We will see if Corbyn has the intelligence to realise how strong his position is later today. (I’m not counting on it, but I am prepared to be pleasantly surprised.)
While we wait we should listen out for the satisfying slapping sound of a second boomerang hitting the Johnson administration in the face. Before the Observer story broke, he seemed to be doing well. To the surprise of his former colleagues, Johnson hadn’t tripped up over his own shoelaces or been caught in the wrong woman’s bed. His government seemed energetic and the opposition listless. Then Johnson threatened to suspend Parliament and purge, Corbyn-style, Tory MPs who disagreed with him. Readers may disagree but my impression is that moderately minded Leave voters do not like this menacing behaviour. It’s not only unBritish but suspicious in the extreme. Why can’t MPs ask questions? Isn’t it their duty to protect their constituents and hold the government to account? Most pertinently, the attacks on Parliament and individual MPs go back to the issue of trust. The question of how you can trust a prime minister who wants to shut down democratic scrutiny is as pertinent as how can you believe a word his spin-doctors say.
The effect has been to unite an opposition that previously regarded each other with varying degrees of loathing. As with Corbyn and the timing of an election, we will have to wait and see whether Conservative ‘rebels’ have the guts to actually rebel.
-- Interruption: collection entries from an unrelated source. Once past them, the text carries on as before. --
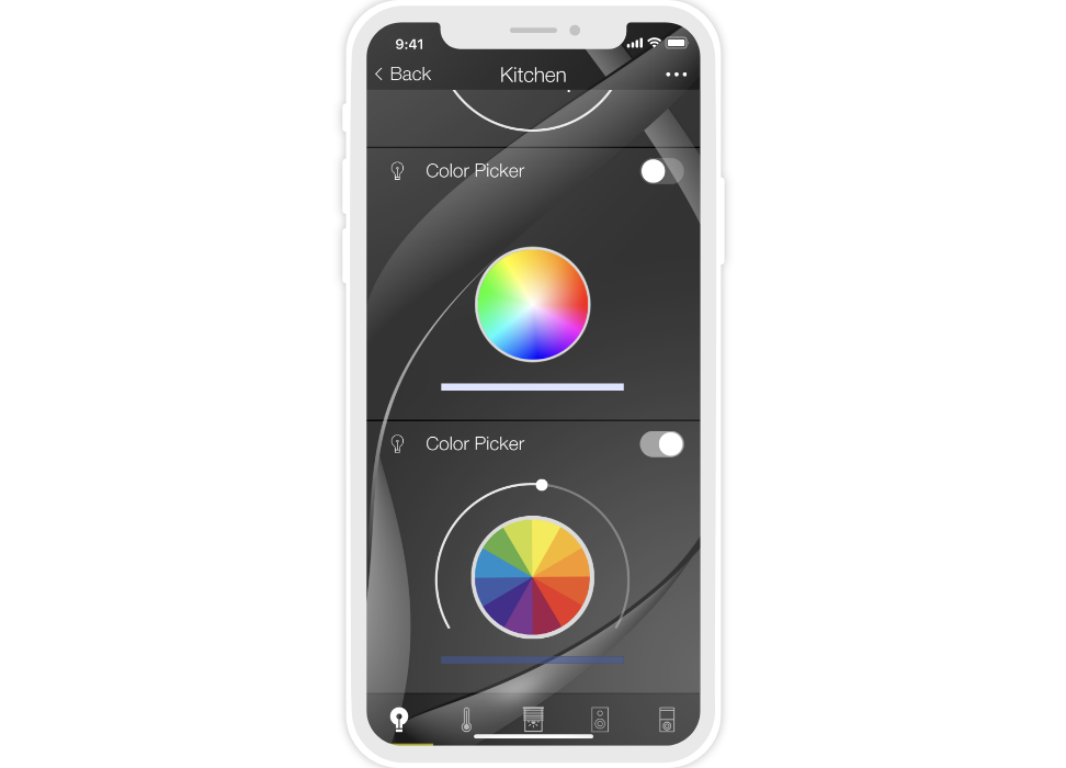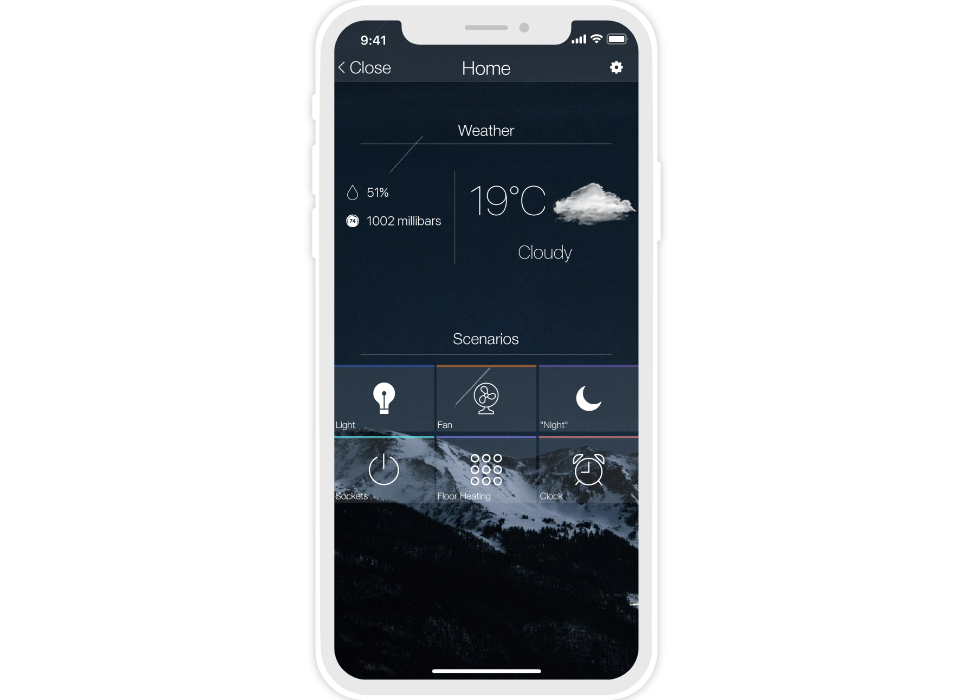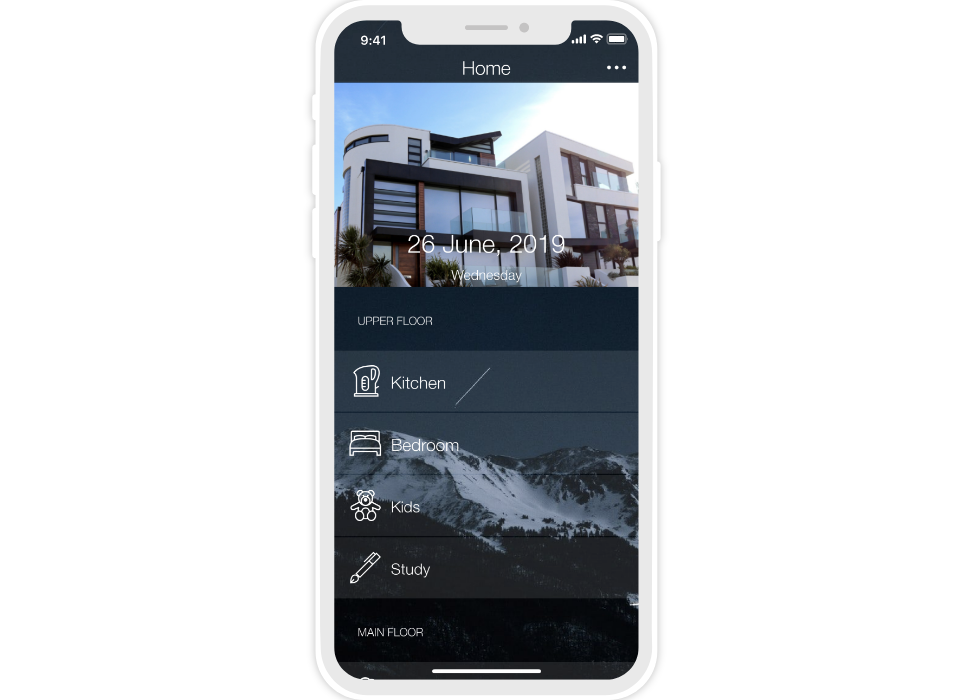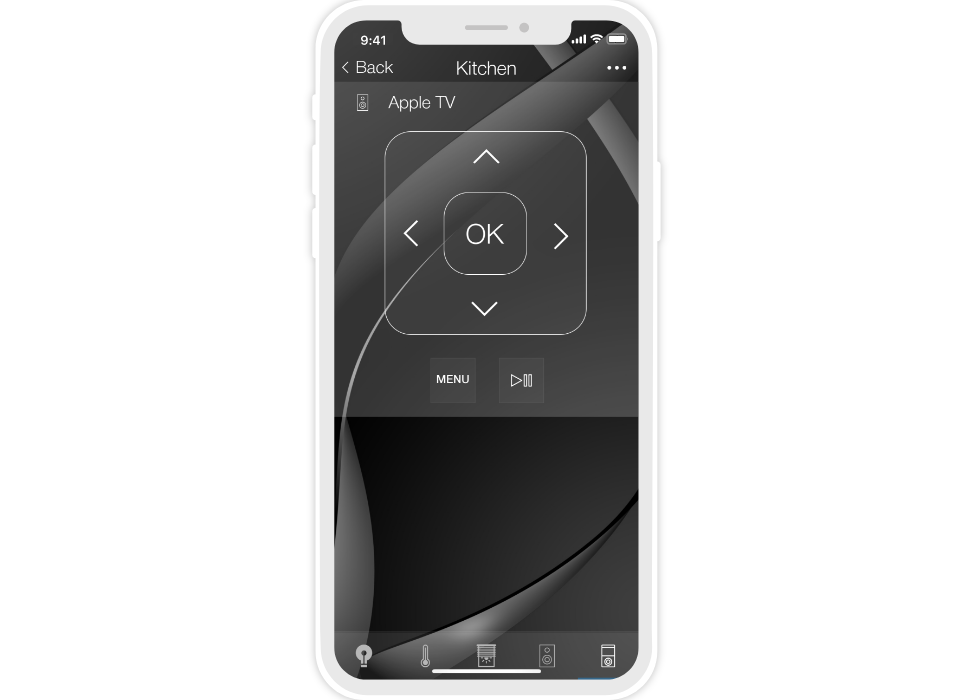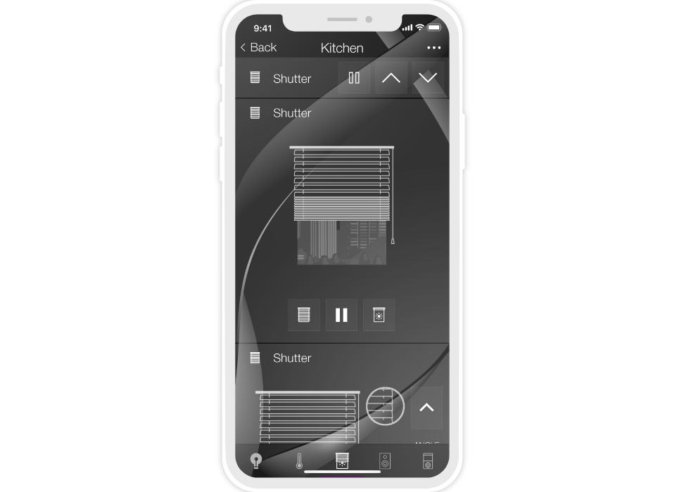 «Flex» is a dark semi-transparent style with a background image. There are 10 backgrounds to select from, but your own image can also be used. Thanks to the change of backgrounds (consequently the color) the interface can suit the design of any apartment or house.
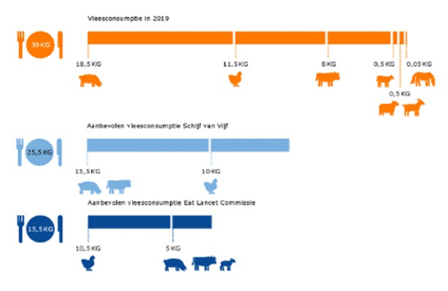 De huidige consumptie van kippenvlees ligt redelijk in lijn met de aanbevolen dagelijkse hoeveelheid.
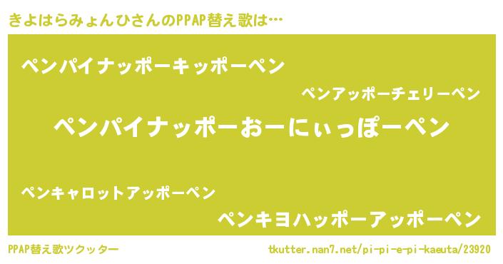 | 欧米人風あだ名 | 『ダニエルきよはらみょんひ』 |
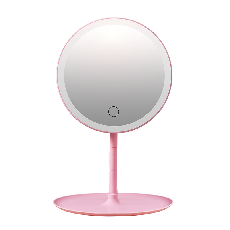 Orunzhe charging pink three-color lamp makeup mirror LED princess mirror Dormitory desktop portable makeup mirror
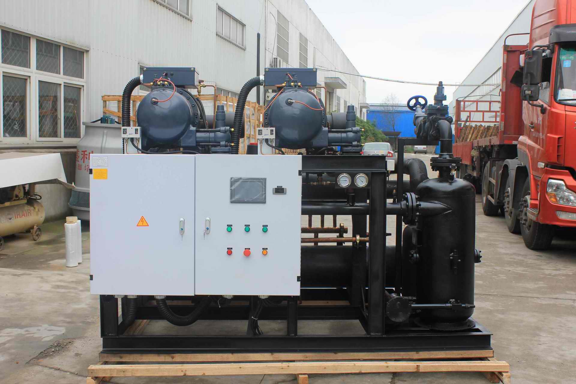 本次為黃山市大自然食品工貿(mào)有限公司設(shè)計建造的為座-30℃低溫速凍冷庫,冷庫保溫系統(tǒng)采用150MM高密度雙面彩鋼聚氨酯保溫板,制冷機組采用臺灣漢鐘半封閉螺桿制冷機組。
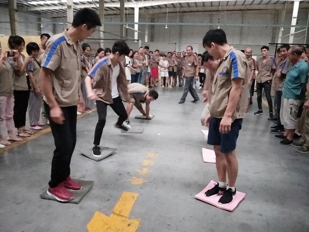 隨著一聲“比賽開始”的口令,大家熱情高漲,隊員們齊心協(xié)力,奮力拼搏,有些隊剛開始有點緊張,所走路線成彎曲狀,后來,在大家從旁提醒,順利到達終點。有些隊吸取經(jīng)驗,通過簡單的交流和溝通戰(zhàn)略技巧,比較順利。相比而言,后面的組明顯比前面的組速度快。在整個比賽過程中,里料車間團隊協(xié)作的能力和靈活的戰(zhàn)術(shù)配合比較好,本著“友誼第一、比賽第二”的精神,經(jīng)過激烈角逐,里料車間以2分25秒完成了60米“搭橋過河”獲比賽第一名,包裝車間獲得第二名,技術(shù)部獲得第三名。
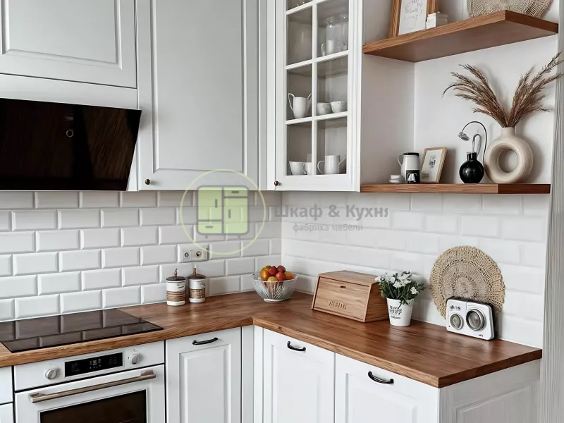 Хотите, чтобы маленькая кухня казалась просторной и светлой? Кухня «37» создана для этого. Белые фасады с классическим рельефом визуально «раздвигают» стены, а тёплые деревянные столешницы и открытые полки добавляют уюта и натуральности. Мы проектируем каждый сантиметр этого гарнитура индивидуально — точно под конфигурацию вашей хрущёвки в Барнауле, интегрируя технику и используя каждый угол. Это готовое, продуманное до мелочей решение «под ключ» от фабрики-производителя.
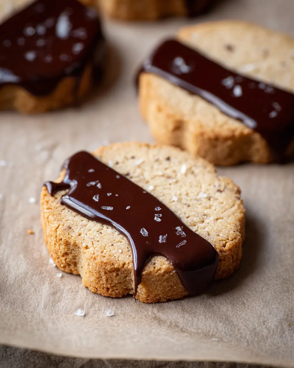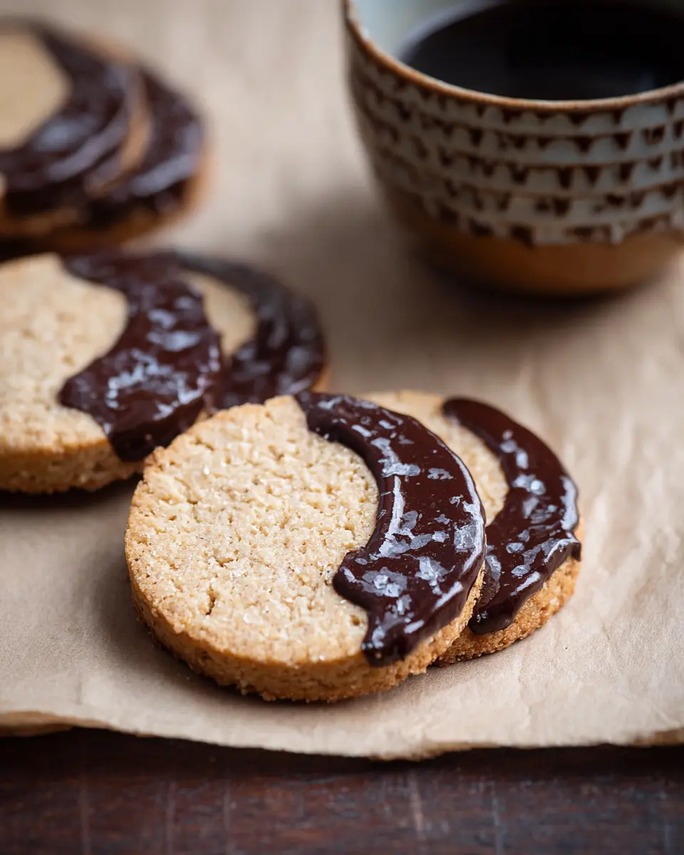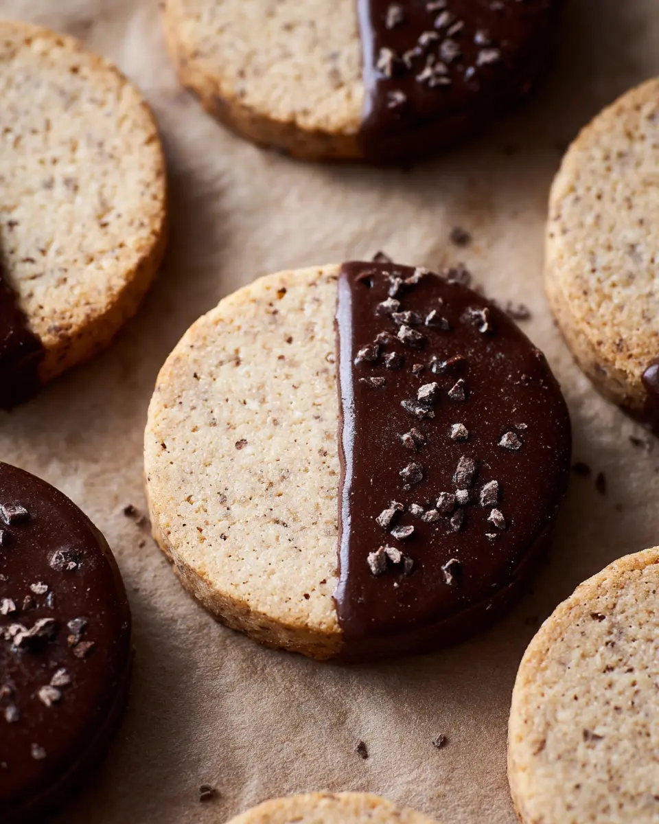 For an extra touch of indulgence, let’s dip those cookies! In a microwave-safe bowl, combine dark chocolate and coconut oil. Heat in 20-second intervals, stirring gently until smooth. Dip half of each cookie into the chocolate, letting the excess drip off. Allow them to sit for about 10 minutes to set before enjoying these delightful Espresso Shortbread Cookies.
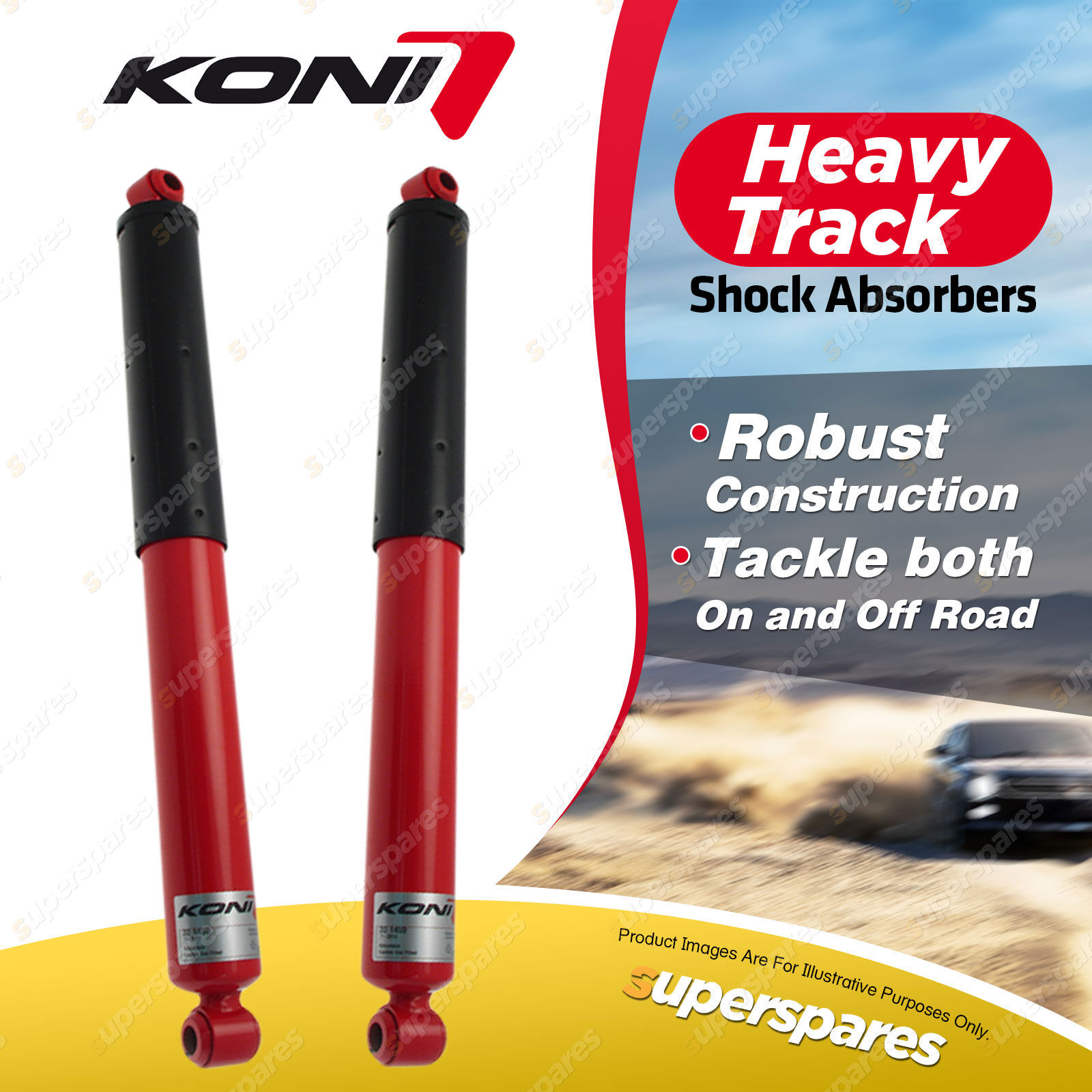 KONI Heavy Track shocks are specially developed for the on-road and off-road challenges of pick-ups, 4x4s, and SUVs. |

The abject decisions of Amber Rudd and Matt Hancock to support a no-deal policy they had previously abhorred do not augur well. But listening to David Gauke and Philip Hammond I thought I heard the whistling sound of an airborne boomerang again and could at least entertain the thought that Johnson’s threats to moderate Conservatives would menace no one more than himself.
I shouldn’t need to say that we are now in the greatest crisis since 1945. Fundamental questions about the future of our economy and security are at stake. The fake news, the threats, the tough guy poses might have worked when Johnson and Cummings were in Vote Leave, but they are in Downing Street now making decision in the midst of a national emergency. They need to be believed. They need to be trusted. And, at the moment, they are not.